Hardware Validation Requirements

Bare-metal testing requires physical hardware. Current validation is:

  • QEMU boot: Verified for redbear-mini and redbear-full (no panics, no parse errors, switchroot succeeds)
  • Live ISO build: redbear-mini and redbear-grub build successfully
  • Interactive login: Framebuffer login renders correctly (serial not available in headless QEMU)

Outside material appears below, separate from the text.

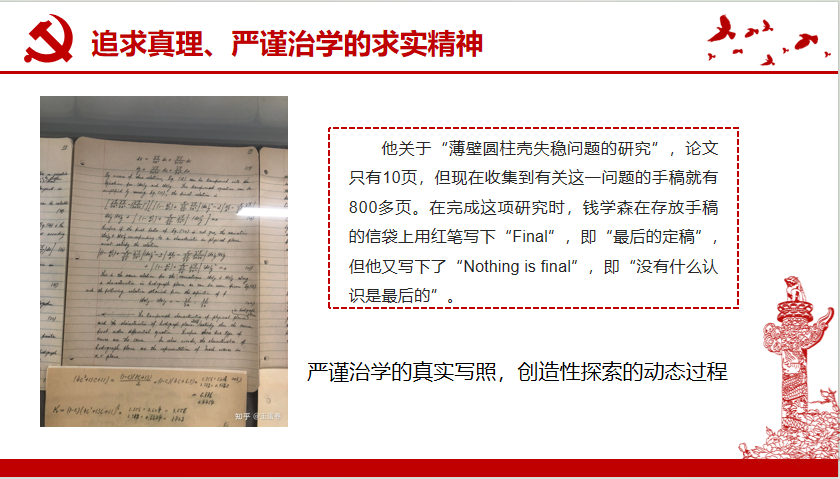 第三部:追求真理、严谨治学的求实精神。追求真理、严谨治学,这是一大批中国科学家对科学的追求。由始至终,他们都在科研中下“真”功夫、“细”功夫。正是他们这种敢于突破、敢闯新路的追求和志向,才开拓了新领域、攀登新高峰。

Phase 5: Validation Matrix

Build Verification

Target Build QEMU Boot Bare-Metal Boot Notes
redbear-mini harddrive.img (2 GB) Login prompt Framebuffer console login
redbear-full harddrive.img (4 GB) Login prompt Desktop packages included
redbear-grub harddrive.img Text-only with GRUB chainload

Compilation Verification

  • cargo check --workspace in base source: 0 errors
  • Individual crate checks: daemon, init, logd, randd, zerod, inputd, vesad, fbcond, console-draw, driver-graphics, fbbootlogd, graphics-ipc, ihdgd, virtio-gpud — all pass
  • Service file validation: 53 service files pass, 0 failures

Unwrap/expect Audit (final)

Daemon Active unwrap/expect Test-only Status
daemon/src 0 0
init/src (main, service, scheduler, unit) 0 0
logd/src 0 0
randd/src 0 8 (#[test])
zerod/src 0 0
inputd/src (lib, main) 0 0
vesad/src (main, scheme) 0 0
fbcond/src (main, scheme, display, text) 0 0
console-draw/src 0 0
driver-graphics/src (lib, kms/*) 0 0
fbbootlogd/src (main, scheme) 0 0
graphics-ipc/src 0 0
ihdgd/src (main, device/*) 0 0
virtio-gpud/src (main, scheme) 0 0

Validation Commands

# Build
CI=1 make all CONFIG_NAME=redbear-mini ARCH=x86_64
CI=1 make all CONFIG_NAME=redbear-full ARCH=x86_64
CI=1 make live CONFIG_NAME=redbear-mini ARCH=x86_64
CI=1 make live CONFIG_NAME=redbear-full ARCH=x86_64

# QEMU test
make qemu CONFIG_NAME=redbear-mini

# Service file validation
./local/scripts/validate-service-files.sh config/

# Clean rebuild + verify
CI=1 make cr.base CONFIG_NAME=redbear-mini ARCH=x86_64
CI=1 make all CONFIG_NAME=redbear-mini ARCH=x86_64

Key Technical Findings

Bare-Metal Boot Log Analysis (2026-04-24)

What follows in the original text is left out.